Arte e feminismos no combate ao autoritarismo

O evento “Arte e feminismos no combate ao autoritarismo” foi um encontro para discutir possibilidades políticas e conexões afetivas em tempos difíceis, com foco na arte e feminismos como campos de resistência e diversidade. A programação teve a participação de ativistas, feministas, pesquisadoras, artistas e editoras, e o apoio do programa Cidade Queer (Lanchonete.org e Musagetes) e Jornal de Borda.

Além das três mesas de debate houve lançamentos do Jornal de Borda 3 e Ensaio 6 – “Por que não houve grandes mulheres artistas?” de Linda Nochlin, no .Aurora.

CONTEXTO

Neste exato momento, muitos artistas ocupam prédios da Funarte em cidades brasileiras. A reitoria da Unicamp está ocupada, e os secundaristas lutam pelo direito à educação. Entre as reivindicações dos que resistem está a volta da presidenta democraticamente eleita.

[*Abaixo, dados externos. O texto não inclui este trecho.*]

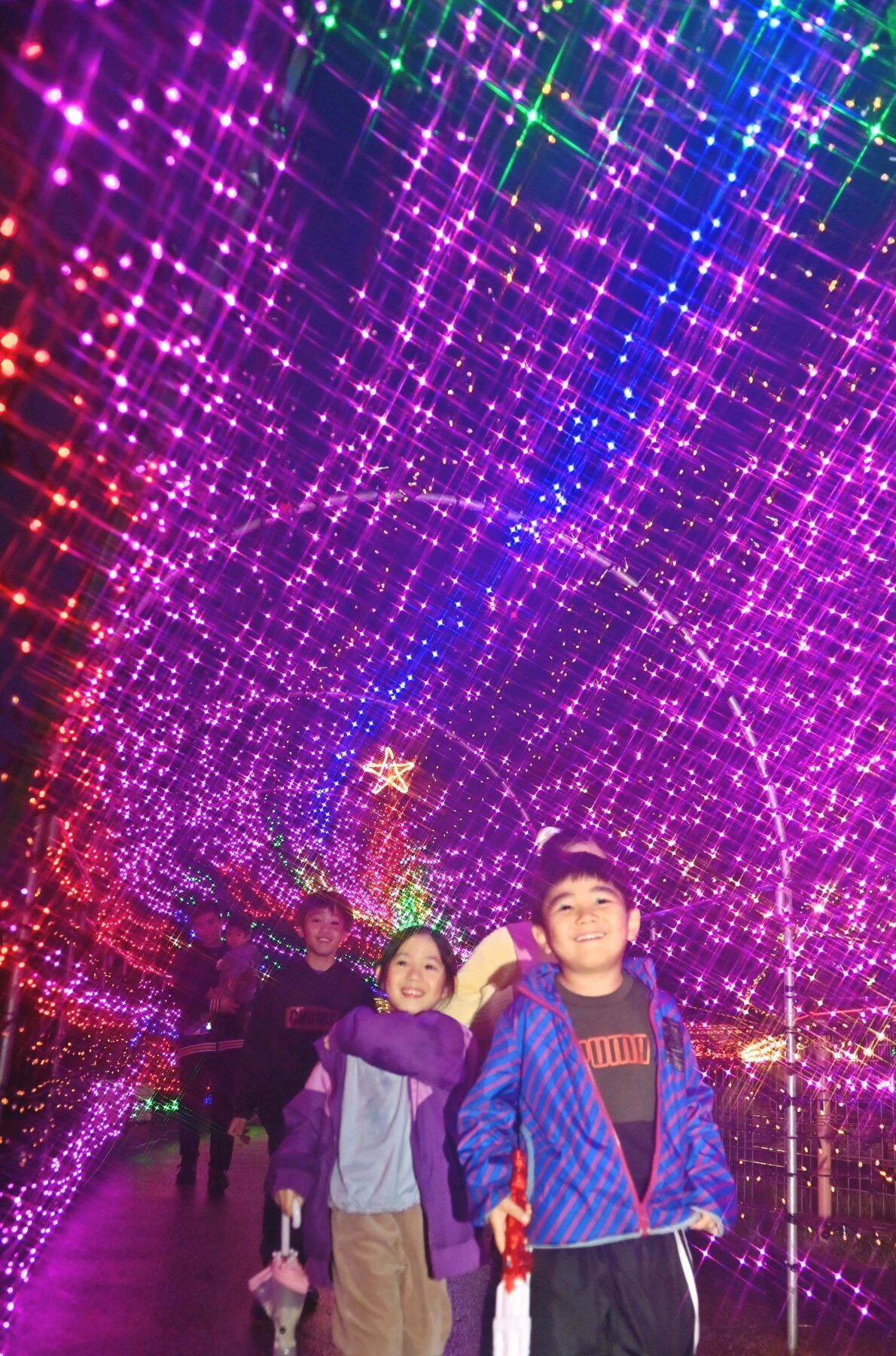 家族5人で訪れた浦添市立仲西小4年の亀濱心結(みゆ)さん(10)は「サンタさんに会えてクリスマスを楽しめた」とにっこり。弟で同2年の耀太(ようた)(8)さんは「イルミネーションがピカピカカラフルできれい」と目を輝かせた。(中部報道部・又吉朝香)
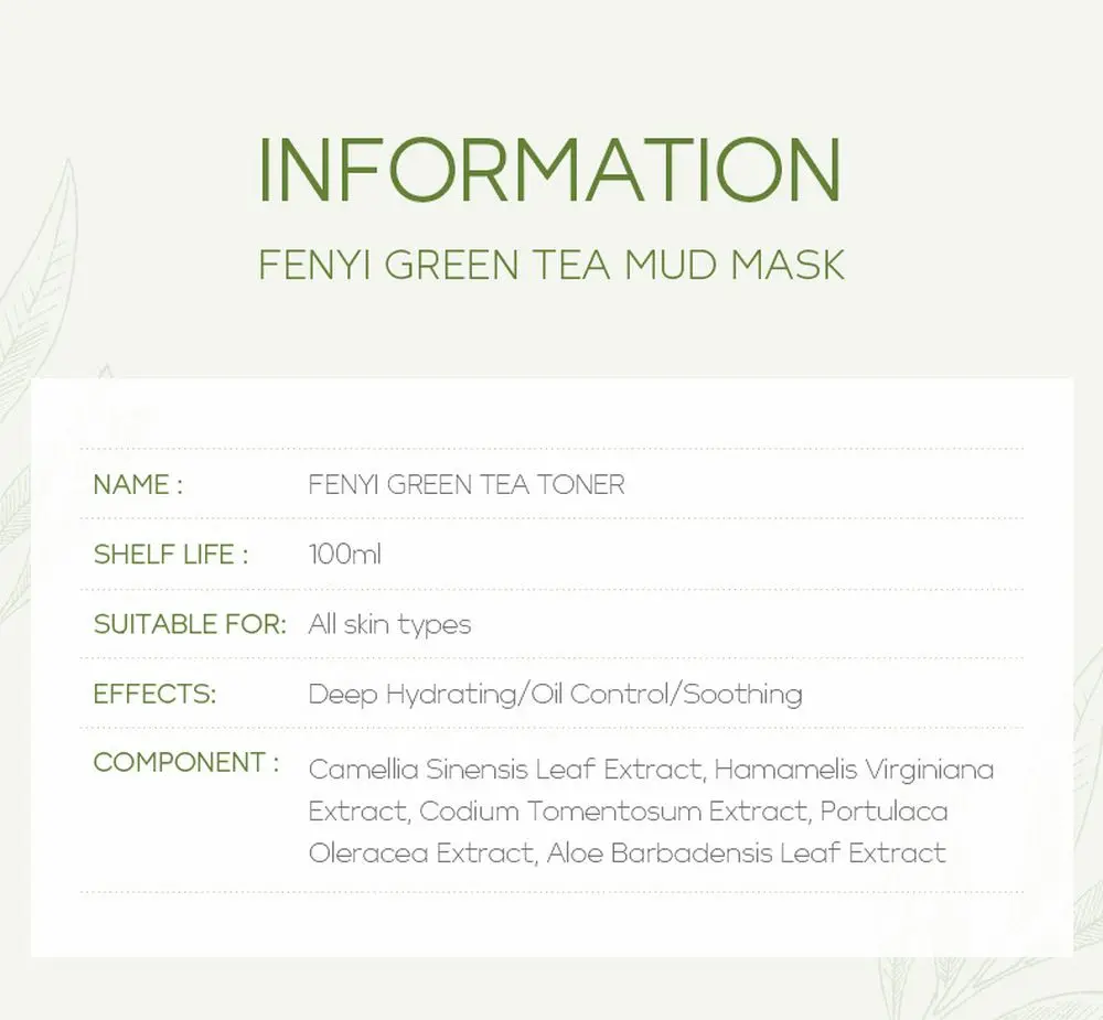 Название: тонер для зеленого чаяСрок годности: 100 млПодходит для: всех типов кожиЭффекты: глубокое увлажнение/контроль жирности/успокаивающий компонент: экстракт листьев камелии Sinensis, экстракт хамамелиса виргинской, экстракт кодиевого томентоума, экстракт олецеи портулаки, экстракт листьев алоэ барбаденсиса
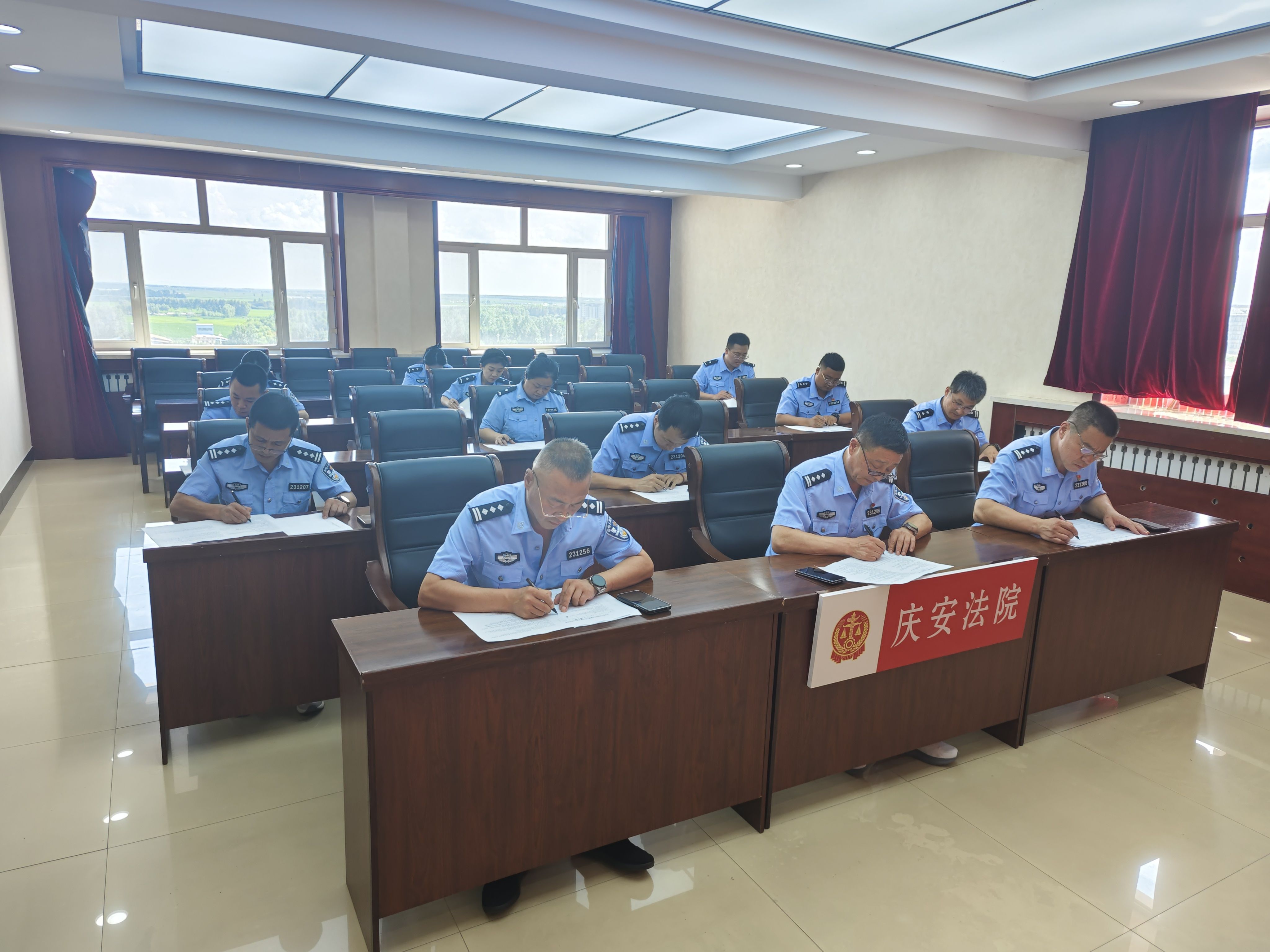为检验学习成效,大队同步组织理论考试,内容涵盖司惩、安检、警械具等核心知识点,以考促记、以考查漏,进一步巩固学习成果,引导法警将理论知识转化为实际执法能力。
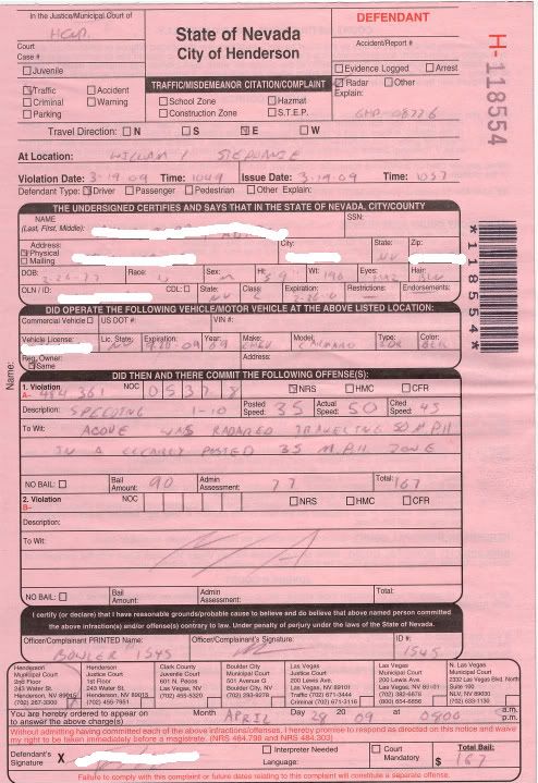 Well I got my first ticket today! Second time I've been pulled over in the last 30 days.:_paranoid Luckily I got away with it the first time. Man I thought the old speedo speel would work everytime. I have a feeling I'll be collecting these. I barely touched the throttle and there he was. http://i200.photobucket.com/albums/a...ket_0001-1.jpg |
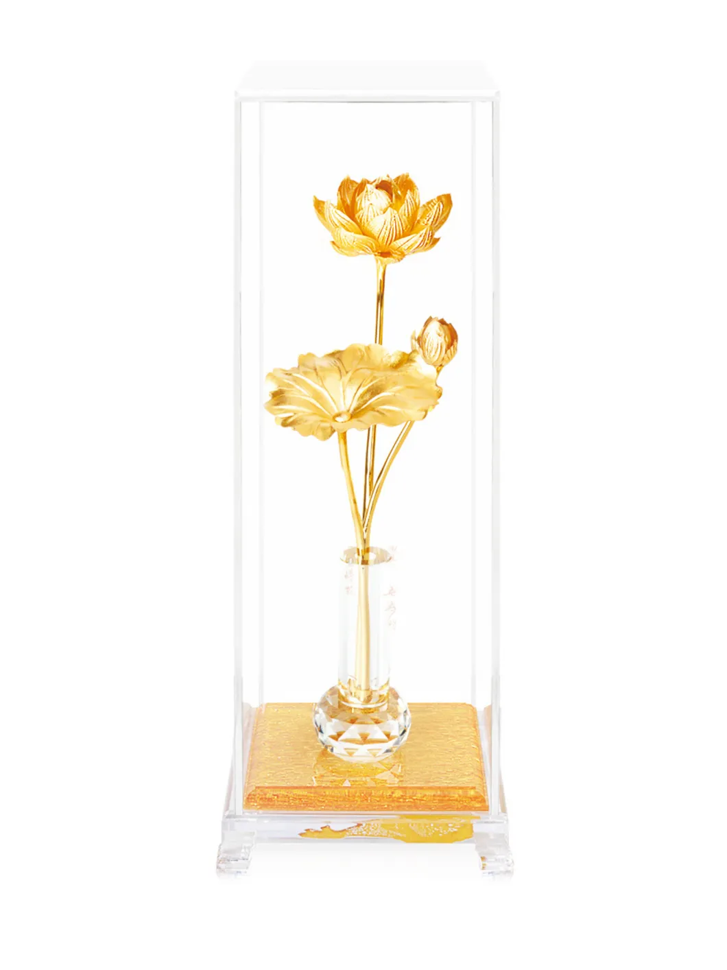 Hoa sen là biểu tượng của sự hoàn hảo, thuần khiết, tượng trưng cho bản chất nguyên thủy của trái tim Chất liệu: vàng lá. Bảo quản nơi khô ráo Kích thước :13*15.5*39cm
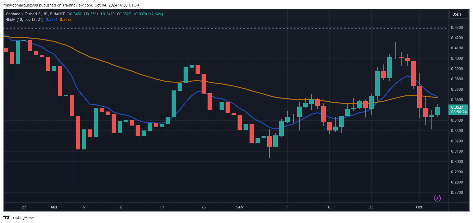 On the time of writing, Cardano’s native token ADA trades at $0.352, recording a 2% value surge within the final 24 hours.
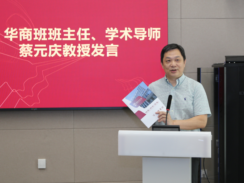 华商精英班班主任、学术导师蔡元庆教授介绍了华商精英班的教育管理理念和培养模式。他指出,华商精英班有利于弥补传统人才培养方式的劣势,在思维培养能力、案例研究能力、名校教育熏陶、法学兴趣培养等方面助力学生成才。蔡元庆教授希望将自身教学经验与有益于学生成长的理念注入到华商精英班的班主任工作当中,也希望全体同学在学习中保持兴趣,畅游法学的海洋,成为真正的“华商精英”。

A primeira mulher presidente do país foi destituída do cargo em plena Conferência Nacional de Mulheres, momento em que se apontava a necessidade de criação do Sistema Nacional de Políticas para as Mulheres.

PROGRAMAÇÃO

11-13h / Combate 1: Ativismo, direitos sexuais e feminismos
Debatedorxs
Rita Quadros / ativista lésbica feminista
Jackeline Romio / ativista do feminismo negro
Mediação: Fernanda Grigolin / Jornal de Borda | Tenda de Livros

Rita Quadros falará da história das ações das mulheres lésbicas em políticas públicas, da caminhada lésbica e das Conferências de Mulheres. A presidenta Dilma Rousseff foi destituída do cargo no meio da 4a Conferência Nacional de Mulheres, onde 3 mil mulheres de todas as regiões do país discutiam proposições de políticas públicas.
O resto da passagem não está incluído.